При дальнейшем углублении в релевантные предмету исторические источники оказывается, что вымысел романиста словно бы угадывал быль в ее не самых очевидных современникам гранях. Эпизод из черновика АК, запечатлевший самый момент встречи лоб в лоб – да еще при посредстве каски – между двумя средами или субкультурами высшего общества, пуританской и либертинской (благочестивая болезненная императрица и гвардеец – воплощение ювенильного гедонизма), можно вообразить происшедшим, mutatis mutandis, внутри царской семьи. Эти субкультуры, впрочем, могли до какой-то степени уживаться в одной личности. Уже представленный читателю молодой великий князь Владимир Александрович являл собою выдающийся пример совмещения того нового духа «дозволенности» (но все-таки без приставки «все-»), который возник в 1860‐х годах среди молодежи правящего дома и ряда придворных кружков, – с династической благопристойностью. Все в том же итальянском августейшем вояже 1873 года он пробыл некоторое время с матерью и сестрой, и трудно отделаться от впечатления, что следующие строки из его письма верному Перовскому, посланного в те же дни из Сорренто, были написаны в пику преисполненным беспокойства донесениям Барятинского: «Пока дамы осматривали этрусские вазы, мы с Митой завернули в отделение похабных представителей древнего разврата. Усладив взоры наши видом ебли, хуев и т. д., мы присоединились к остальной компании и продолжали осмотр музея»227. Дополнительная эпатажность этого сообщения проистекает из устойчивого реноме упомянутого в письме Миты – Д. А. Бенкендорфа, еще одного сокутильника великого князя: он слыл пассивным гомосексуалистом, и блюстители нравов ставили в вину Владимиру приятельство с ним, продолжавшееся и после женитьбы великого князя228.
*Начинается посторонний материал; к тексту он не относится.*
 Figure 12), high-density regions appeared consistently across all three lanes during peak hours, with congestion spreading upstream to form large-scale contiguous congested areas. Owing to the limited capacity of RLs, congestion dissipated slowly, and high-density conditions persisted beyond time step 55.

185Для уяснения того, как обсуждаемые в этом параграфе редакции соотносятся между собой, см. Извлечение 1 на с. 122–127.
186Детали см. на с. 236 наст. изд.
187Термин «либертинство (либертинаж)» употребляется мной в широком значении демонстративного поведения, так или иначе предполагающего вызов моральным авторитетам и социальным условностям. Эстетизированное распутство аристократии, процветавшее в 1860–1870‐х годах, имело, конечно же, лишь отдаленное отношение к оригинальному, бытовавшему еще в дореволюционной Франции понятию libertinage, в котором свобода нравов и агрессивный гедонизм смыкались с политическим и религиозным свободомыслием, вольтерьянством. Если либертены большого света эпохи АК и вносили лепту в подрыв устоев монархии, то только косвенно и непреднамеренно. Об избирательной рецепции французского либертинажа в России см.: Дмитриева Е. Французский либертинаж и его русские отголоски // Делон М. Искусство жить либертена: Французская либертинская проза XVIII века. М.: Новое литературное обозрение, 2013. С. 833–860, особ. 837–838, 852.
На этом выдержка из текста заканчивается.